You have a child. You take your child up to a hill—looking out over the six cottages you call Buttsville—and you say “This…this is all yours. This I give to you. When I die, you will need to take over.” But then you gesture around to the surrounding areas, to Europe, and say “For your children and your children’s children though…All of Europe shall kneel to the Poohands, Lords of Buttsville.”
And your child looks up at you wide-eyed. And somewhere a developer says “Ugh, I knew people wouldn’t take our very serious trade simulator seriously.”
Take your jokes where you can get ‘em, because Grand Ages: Medieval is one semi-hardcore economics/empire simulator. It’s got the pseudo-4X stylings of something like Total War mixed with the real-time-with-pause progression found in something like Europa Universalis IV—but all centered around trade and the economy.
You start the game as the leader of a single medieval town—maybe a coastal fishing village, or a mountainous mining settlement, or a loosely assembled group of shepherd hermitages. Then with the time-honored arts of capital-B Business, you set out to forge an empire across Europe.
Trade your fish inland. Trade your lumber to the grasslands. Trade your metals to…well, pretty much everyone. Slowly accrue gold. Slowly hire more trade convoys. Slowly expand your operations to cover a larger part of Europe. Send settlers out to establish new towns, with silly names like Buttsville.
See, each town can only produce four resources (out of a possible twenty) at a time. Excess is traded away to neighboring towns in return for whatever you’re short on. Skilled merchants can make a profit both coming and going.
It’s X Factor, except the “X” in this case is not a questionable amount of music talent—it’s the ability to “mutually aid” your neighbors by selling them dubious-quality fish and taking their gold in return. Every week. Forever. Until the entire town collapses and you volunteer (quite graciously) to take over as mayor, thus expanding your own domain.
Taken another way, it is accounting. Your job in Grand Ages: Medieval is basically a glorified course in Imperial Accounting 101—balance the books, learn about supply and demand and trade networks, figure out how to cycle food and metal to the cities, tools to the farms and mines. It is beautifully-rendered spreadsheets.

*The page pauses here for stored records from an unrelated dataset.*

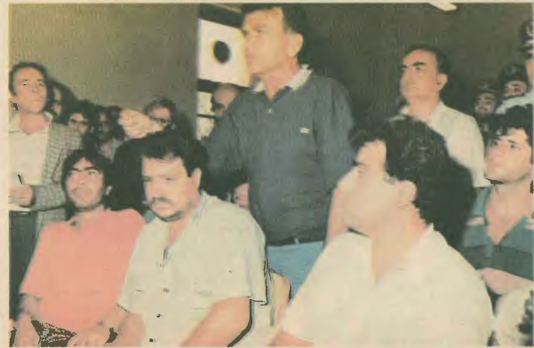
Χιλιάδες γρατίες υψώμενες έξω από τα δικαστήρια, ένα μέτρο αιγυλιφθέντες συνδικαλιστές ζητούν να γίνει η δική για να εγκαθίσταται τα πράγματα

Ας παρομοίω, όμως, τα πράγματα από την αρχή. Η τριήμερη απεργία, που είχε προκηρύξει η Ομοσπονδία για τις 8, 9, 10 Σεπτεμβρίου, είχε από την αρχή τεράστια επιτυχία. Χιλιάδες οικοδομοί έδωσαν το παρών στη συγκέντρωση, στην πλατεία Κόνιγγος, διαδηλώνοντας την πρόθεσή τους να υπερσπάσουν τα ασφαλιστικά τους δικαιώματα, το χειρισμό επίδομα, το βιοτικό τους επίπεδο, τις ίδιες τις κατακοιτίσες. Ακολούθησε η εντυπωσιακή σε όγκο και μαχητικότητα πορεία προς το υπουργείο Κοινωνικών Ασφαλίσεων. Η αντιπροσωπία των απεργών ζητούσε τον υφυπουργό Κ. Σιούφα, αρμόδιο για θέματα κοινωνικών ασφαλίσεων. Ο γενικός γραμματέας του υπουργείου, κ. Βαρθολομαΐος, διαβεβαίωνε ότι ο υφυπουργός βρίσκεται εκείνη την ώρα στο υπουργείο Εθνικής Οικονομίας και η πορεία στη συνέχεια καταβυθίζεται προς το Σύνταγμα. Οι οικοδόμοι ζήτησαν συνάντησή με τον υφυπουργό κ. Μάνο, ο οποίος εκείνη την ώρα βρισκόταν στο υπουργείο. Ο υφυπουργός ανήκει προκλητικά το αήθημα και αρνείται να δει την αντιπροσωπία, η οποία αποστρέφεται από 6 μόνο συνδικαλιστές, παρά το γεγονός ότι ο πρόεδρος της Ομοσπονδίας τονίζει ότι «εκπρόσωπο 200.000 άτομα». Την ίδια ώρα ισχυρές αστυνομικές δυνάμεις έχουν αποκλείσει την είσοδο του υπουργείου. Μπροστά ο αυτή την κατά-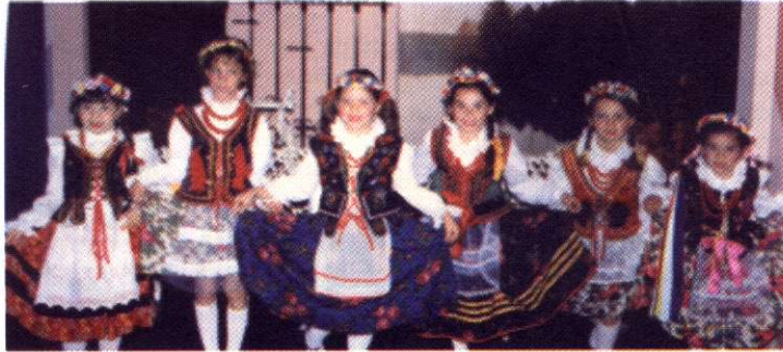
Grupo pionero de hijas de polacos en trajes de baile de krakowiak .

la situación de entonces de la colonia polaca en el Perú y se acordó formar una Asociación autónoma de carácter apolítico, sin discriminación de orden religioso, social o racial, sin fines de lucro, que acogería a todos los polacos y los descendientes de los polacos con sus cónyuges e hijos residentes en el Perú.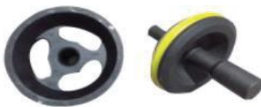
Double angle O ring valve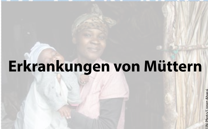
Erkrankungen von Müttern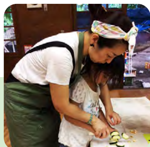
子どものやりたい！を大切に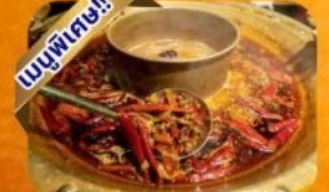
หม้อไฟเสฉวน

And yet if I’ve learned anything in my time playing PC games, it’s that I have a boring streak about a mile wide hidden right at my core. The same streak that compels me to put Europa Universalis IV on our Game of the Year list—for good reason, I might add—also finds something strangely addictive about Grand Ages: Medieval.
Buy. Sell. Buy. Sell. Buy. Sell. Upgrade your town. Repeat. Grand Ages: Medieval is hardly going to win our entirely-fictional “Most Visceral Game” award. But there’s something about a strategy game that allows players to conquer through economic warfare as readily as actual sword-and-board warfare. There’s something addictive about the cycle—about gradually optimizing trade routes, automating them so you can focus elsewhere.

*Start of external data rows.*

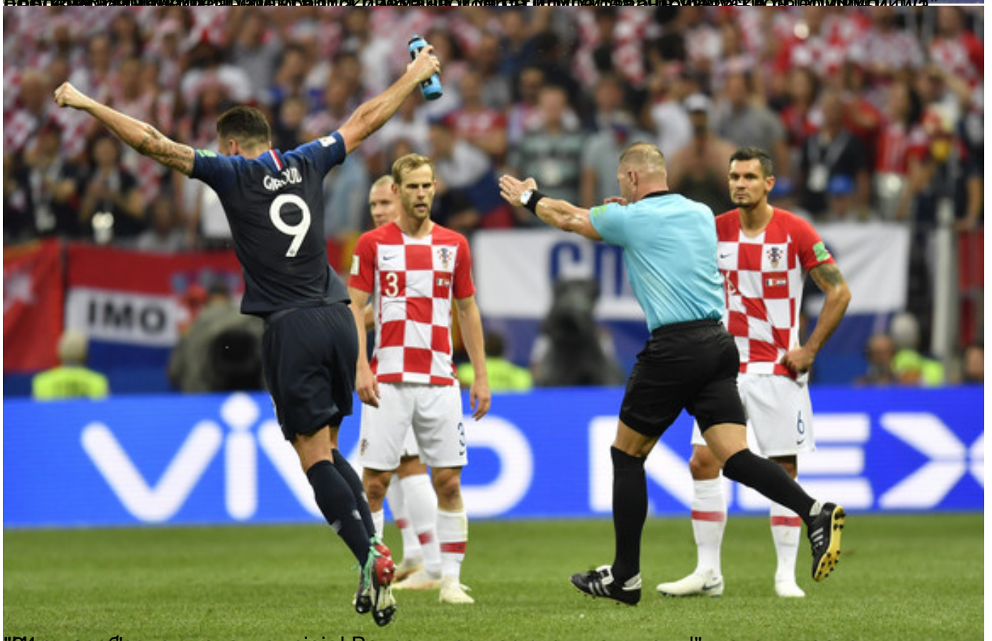
"Златно сребро, али златног сјаја! Ватрени, за нас сте - шампиони!", наводи портал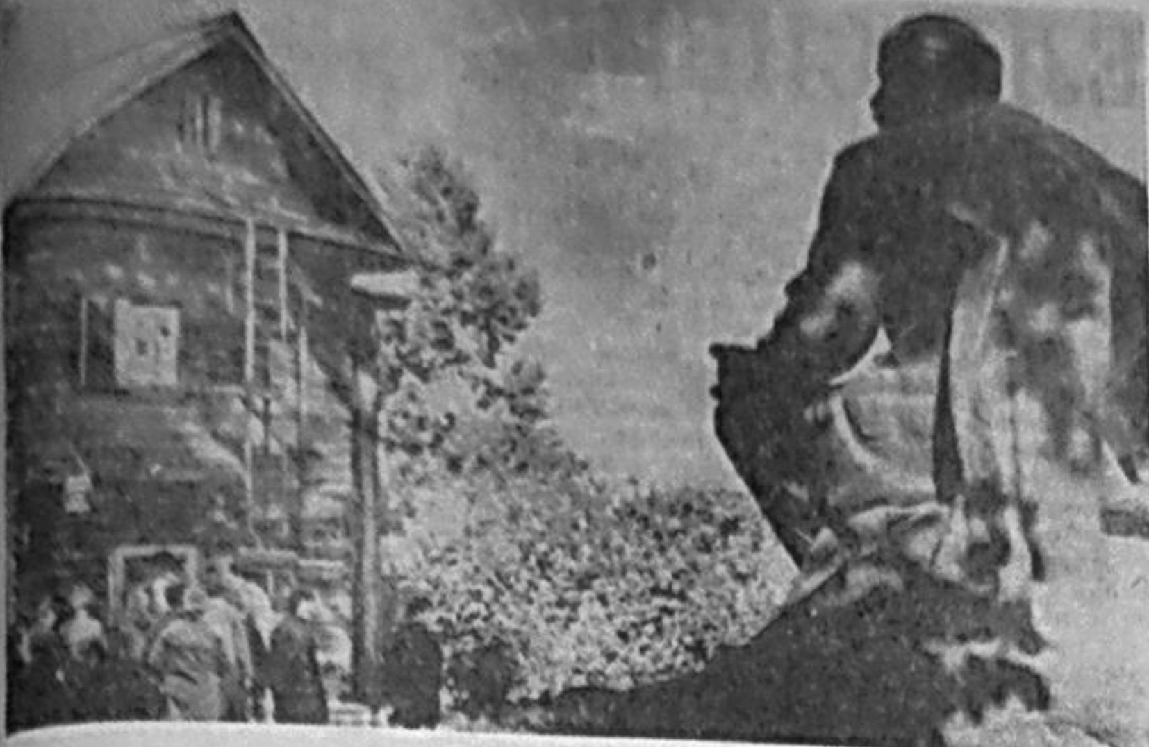
По ленинским местам Сибири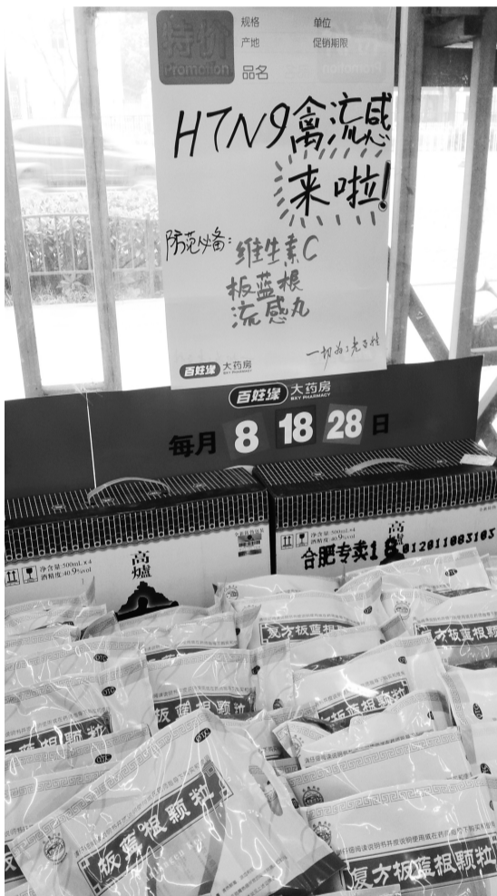
4月5日,省城一家药店打出板蓝根促销店招

合肥市疾控中心相关负责人表示,市民不应过度恐慌,鸡鸭等禽类也并非完全不能吃,但一定要吃煮熟煮透的,不要吃半生不熟的,比如溏心鸡蛋、带血丝的鸡肉等,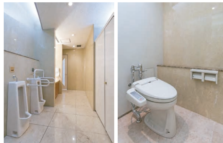
大便器ブースはすべてにシャワートイレを設置した。

More than Europa Universalis, more than Total War, more than Civilization, Grand Ages: Medieval is like peering into the guts of an empire instead of sitting above it. Why is an emperor concerned with trade routes I don’t know. But in this game, that’s life. Grand Ages: Medieval is about slowly building a massive machine out of piecemeal parts, and then tuning those pieces towards perpetual motion—towards self-correction and permanence.
The sun will never set on the Butt Empire.
I don’t know how the Grand Ages: Medieval experience will hold up across a dozen, two-dozen, two-hundred hours—but I do know I enjoyed what I’ve played so far. So much so that I accidentally extended my demo to twice its planned length, almost missing a later meeting in the process. It’s definitely not for everyone—more for the scotch-and-a-quiet-night-in crowd than your typical game. But I think it might be worth checking out.
We’ll presumably have a more solid opinion when the full game launches in September.